Two new species of springtails were found living in a cave in Spain. The report was published in Subterranean Biology. Apparently, they survive on organic matter reaching the cave by percolation and detritus flowing underground. “Springtails are the most representative troglobitic fauna of the cavity,” the authors say.

Springtails also vary tremendously in size. The smallest are smaller than one millimeter; the largest one found to date is 17 millimeters long, about thumbnail size. Most of us are unaware of their presence because they are so tiny. The largest ones live inside rotting wood. In Stevens and D’Haese’s paper in the Zoological Journal of the Linnaean Society, they show one picture of a bright red springtail squeezing through a narrow passage in a tree.
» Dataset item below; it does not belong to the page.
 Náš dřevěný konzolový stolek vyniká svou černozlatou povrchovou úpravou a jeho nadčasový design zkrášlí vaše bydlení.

Those species lack a furcula, having nowhere to jump! An instance of Darwin Devolves, perhaps?

Desirable Ecological Services

Back in 2021 (here), before I knew much about springtails, I had quoted an article in Science that praised the ecological benefits they perform. More recent papers and articles have expanded my appreciation of these critters enormously.

Members of the class Collembola, the “giant springtails” that live in rotting wood perform vital ecological services. The paper begins with these facts about these ubiquitous workers:

Collembola are often regarded as inconspicuous fauna inhabiting, but not restricted to, leaf litter, soils, and rotting wood. Within rotting wood, there are numerous species that play an important role as saproxylic decomposers in forest ecosystems, contributing to nutrient cycling, and some are amongst the largest Collembola known.
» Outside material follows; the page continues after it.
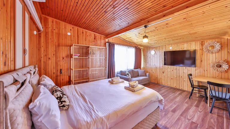 Die Unterkünfte sind mit Parkettböden ausgestattet und verfügen über einen Satelliten-Flachbild-TV, eine voll ausgestattete Küche mit Kühlschrank und ein eigenes Badezimmer mit Dusche, Haartrockner und Bidet.

Saproxylic means both dependent on rotting wood and helping decompose wood. Collembola springtails take part in the early processes of wood decomposition, cleaning out excess fungal and bacterial debris. This opens up more pore space for beetles and fungal hyphae.
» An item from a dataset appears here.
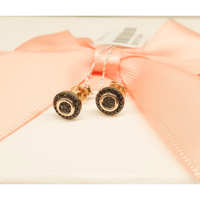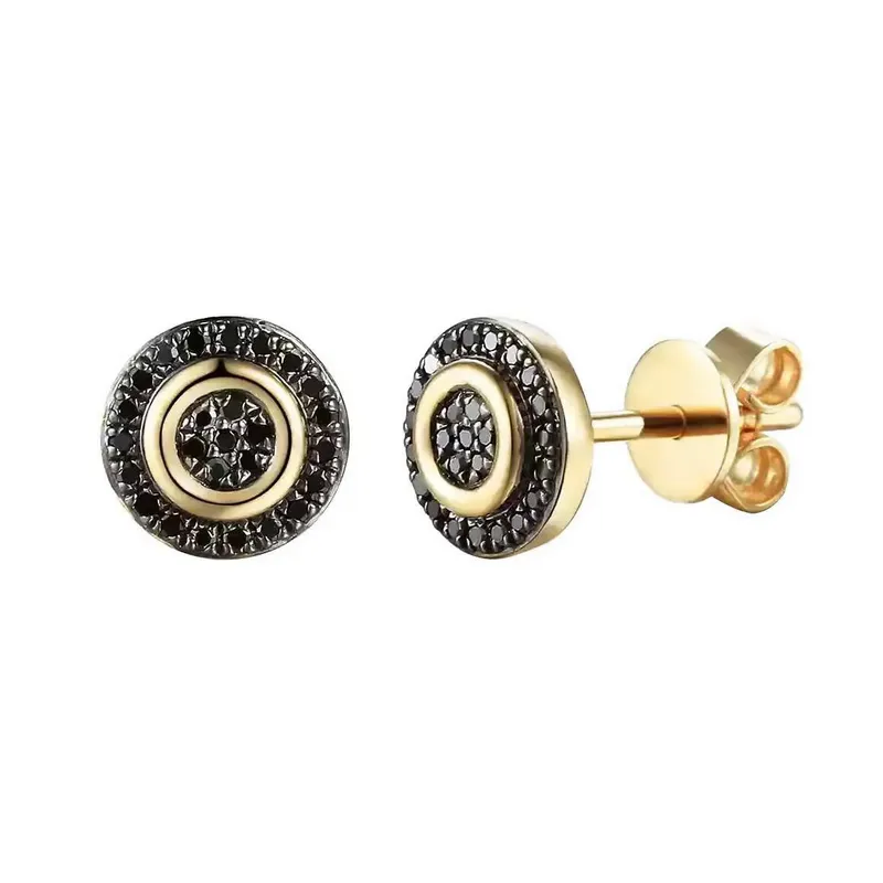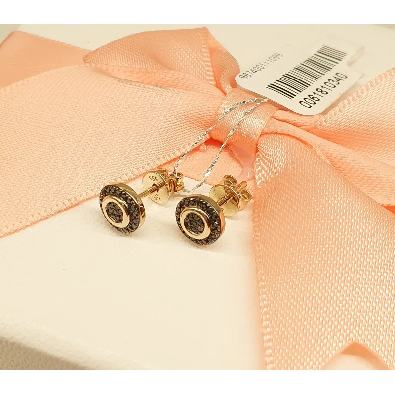 Złote Kolczyki Czarne Diamenty Sztyft pr 585

The diverse team of saproxylic decomposers is effective! The trunk of a large oak in my backyard I thought might serve as support for a picnic table, but it is almost all gone now. It was a minor loss for me, but I’m glad these “microscopic ecologies” make the world a better place: “Springtails are crucial to the health of our forests,” the authors say. I’m glad they lack the mouthparts to bite us. They are happy dining on fungi, algae, and decaying matter. In the process, they recycle nutrients that benefit the biosphere. That includes us.

Not Evolved

Mark Stevens and Cyrille D’Haese are to be commended for raising awareness of the “magical world” of springtails and searching diligently for new species to photograph and describe. I only wish they could let go of evolution.

  • “They are known as springtails — an ancient group of invertebrates that evolved along with mosses and lichens dating back to more than 400 million years ago.”
  • “The evolutionary success of Collembola as a major contributor to healthy ecosystems means they have the potential to indicate when ecosystems are out of balance.”

Does it have to be called an “evolutionary success” instead of just a success? The adjective “evolutionary” performs no function. It is also contrary to the evidence, since the fossil record shows stasis, not evolution. Why not consider that they are successful because they were designed? Indeed, the whole ecosystem, with each part performing its role, bears the hallmarks of foresight and master planning. I wonder if a “habitable planet” could function without them.

Applications

Consider the subject of springtails as a fun science project for students in your family or school. To get them motivated, show them Dr. Adrian Smith’s amazing high-speed videos on Ant Lab (here, here, here). When sufficiently amazed, have them go into the yard looking for springtails to collect and describe. Give them a magnifying glass, loupe, or microscope to see them clearly. Help them devise a testable hypothesis. This could be a blue-ribbon entry in the science fair.

Let us help young students to grow in awe of the wonders of nature. They may need guidance in how to filter out the evolutionary detritus left, like litter, in the scientific literature. They will be ahead of the curve as Darwinism continues its slow decline. I think they will be happier, too.